Today, Ken Gidlow is an Aerospace Engineer/Technical Advisor for the FAA Office of Commercial Space Transportation stationed at the NASA Johnson Space Center (JSC) Houston. Ken coordinates FAA Certification with the NASA Commercial Resupply Services contracts for SpaceX, Orbital-ATK and Sierra Nevada Corp delivering cargo to and from the International Space Station (ISS).
Transcript: 

I just love flight, it just amazes me. Whether it's airplanes, rockets, everything that flies. How heavy it is – how many things that it has to haul for such great distances – and it just flies so gracefully, it gets the job done. I'm still like a kid every time I fly and look out the window.

Hello, I'm Ken Gidlow. I work for the FAA office of Commercial Space Transportation as an aerospace engineer and a technical adviser at NASA Johnson Space Center. I'm from Mamou, Louisiana. A little Cajun town deep in south Louisiana.

Spartan offered a good A&P program that I researched quite a bit when I was in high school. And I ultimately wanted to be a flight engineer, perhaps on a 747, but I needed to work my way through college as an A&P mechanic – and Spartan was the best choice.

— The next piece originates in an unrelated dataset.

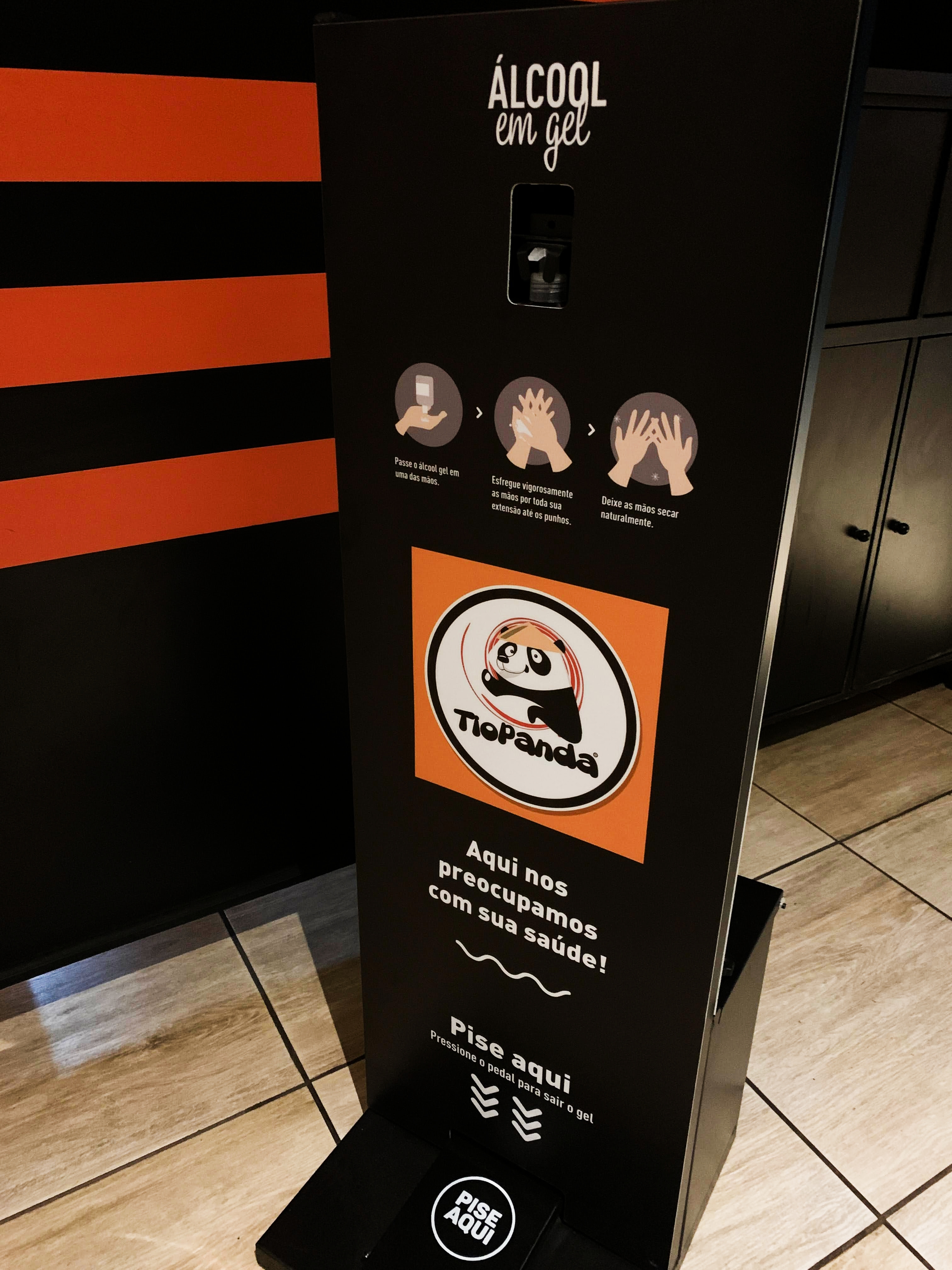 Totem de álcool gel: dispositivo presente no salão do restaurante (Foto: Siga Mais).

So I’m a graduate of 1975 as an A&P mechanic on here too, and at the time the airline industries were really great. I got some super jobs with them. Worked on 727s just like the one here too and dc-10's. It was really great, and all the mergers were going on after the airline deregulation act, so I saw that I needed to jump into aerospace at the time. So, I went to work back in New Orleans, on the Space Shuttle external fuel tank, manufacturing that. There as a reliability engineer because I had enough technical experience at the time and education to qualify as an engineer. And that's when I jumped into aerospace and eventually it morphed into what I'm doing now – working with the latest. Richard Branson's Virgin Galactic planes, Elon Musk's SpaceX Dragon spacecraft.

It’s really tremendous, so you never know just how far your career can go, Spartan is an excellent start.
This is a really great time for it now because it's not just a traditional aviation- aerospace, commercial space transportation’s really taken off now. With the composite aircraft that's now starting to outpace the aluminum airframes on there. With the rocket engine technology that's allowing suborbital tourism and all that. The same skills that are needed for an A&P in aviation or needed in aerospace also.

Coming back to Spartan, it's like a homecoming on here too. I'm seeing some of the mock-ups, test stands, that I experienced much younger, and I see there are even newer, better mock-ups on here too. So, it properly prepares the students here with so much hands-on experience: three hours of shop, three hours of classroom on there. You're really prepared when you come out of here.